EXERCISE DATA:
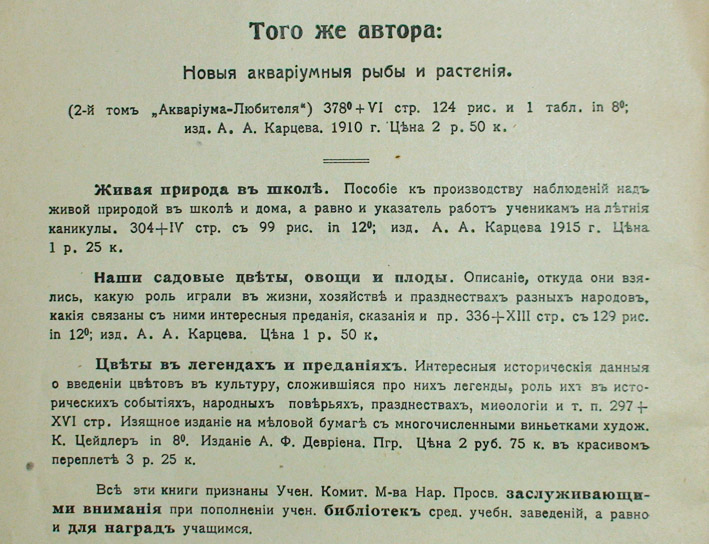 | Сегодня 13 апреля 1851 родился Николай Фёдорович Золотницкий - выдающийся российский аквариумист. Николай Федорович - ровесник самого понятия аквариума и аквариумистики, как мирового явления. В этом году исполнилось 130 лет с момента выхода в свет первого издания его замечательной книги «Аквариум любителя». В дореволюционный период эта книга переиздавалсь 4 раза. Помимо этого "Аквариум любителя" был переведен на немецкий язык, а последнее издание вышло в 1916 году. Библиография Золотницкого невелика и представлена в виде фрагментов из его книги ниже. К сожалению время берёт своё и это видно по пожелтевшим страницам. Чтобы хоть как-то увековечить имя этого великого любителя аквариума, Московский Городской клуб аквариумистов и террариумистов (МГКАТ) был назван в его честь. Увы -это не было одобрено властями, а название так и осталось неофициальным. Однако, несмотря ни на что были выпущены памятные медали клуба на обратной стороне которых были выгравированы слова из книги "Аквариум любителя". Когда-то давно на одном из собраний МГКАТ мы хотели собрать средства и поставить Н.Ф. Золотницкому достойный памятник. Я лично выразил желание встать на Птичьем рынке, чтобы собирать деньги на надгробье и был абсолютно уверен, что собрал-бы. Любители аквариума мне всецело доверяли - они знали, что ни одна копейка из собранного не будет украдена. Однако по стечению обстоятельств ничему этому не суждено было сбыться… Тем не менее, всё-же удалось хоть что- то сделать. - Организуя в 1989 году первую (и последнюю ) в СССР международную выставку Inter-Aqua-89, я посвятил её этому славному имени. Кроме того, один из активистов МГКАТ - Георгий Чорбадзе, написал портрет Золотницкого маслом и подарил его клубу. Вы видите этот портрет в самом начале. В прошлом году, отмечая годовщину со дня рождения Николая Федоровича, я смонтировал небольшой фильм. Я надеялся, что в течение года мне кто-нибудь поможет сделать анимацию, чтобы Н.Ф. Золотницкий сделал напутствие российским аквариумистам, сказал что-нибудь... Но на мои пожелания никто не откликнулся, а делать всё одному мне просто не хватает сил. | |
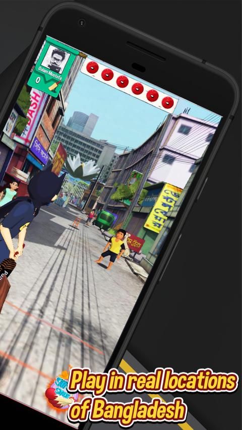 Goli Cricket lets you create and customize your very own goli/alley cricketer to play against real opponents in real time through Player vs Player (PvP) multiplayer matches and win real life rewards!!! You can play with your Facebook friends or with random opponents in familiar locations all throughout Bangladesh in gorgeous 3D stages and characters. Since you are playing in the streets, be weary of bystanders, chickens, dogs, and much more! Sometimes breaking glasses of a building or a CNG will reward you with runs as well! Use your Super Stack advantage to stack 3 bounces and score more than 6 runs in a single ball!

==

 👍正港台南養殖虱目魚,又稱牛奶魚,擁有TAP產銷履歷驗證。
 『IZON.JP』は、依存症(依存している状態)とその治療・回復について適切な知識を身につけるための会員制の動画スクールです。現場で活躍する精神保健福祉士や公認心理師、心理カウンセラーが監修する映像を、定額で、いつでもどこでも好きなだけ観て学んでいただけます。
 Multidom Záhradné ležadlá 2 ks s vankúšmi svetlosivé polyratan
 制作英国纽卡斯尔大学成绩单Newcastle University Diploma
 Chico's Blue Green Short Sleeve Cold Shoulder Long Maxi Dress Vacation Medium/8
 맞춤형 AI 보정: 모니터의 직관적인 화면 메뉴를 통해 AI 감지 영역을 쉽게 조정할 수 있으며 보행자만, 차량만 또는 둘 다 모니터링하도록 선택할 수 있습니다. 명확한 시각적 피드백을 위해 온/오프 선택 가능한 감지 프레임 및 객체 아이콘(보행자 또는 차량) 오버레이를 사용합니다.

...

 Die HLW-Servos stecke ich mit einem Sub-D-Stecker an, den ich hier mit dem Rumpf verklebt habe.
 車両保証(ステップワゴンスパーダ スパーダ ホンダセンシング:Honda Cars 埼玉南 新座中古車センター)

WHAT IS REQUIRED: Restate word for word the lines of the data above, starting at the line containing "Die HLW-Servos stecke" and ending at the line containing "車両保証(ステップワゴンスパーダ スパーダ ホンダセンシング:Honda", both included, and nothing more.

RESULT OF THIS TASK:
 Die HLW-Servos stecke ich mit einem Sub-D-Stecker an, den ich hier mit dem Rumpf verklebt habe.
 車両保証(ステップワゴンスパーダ スパーダ ホンダセンシング:Honda Cars 埼玉南 新座中古車センター)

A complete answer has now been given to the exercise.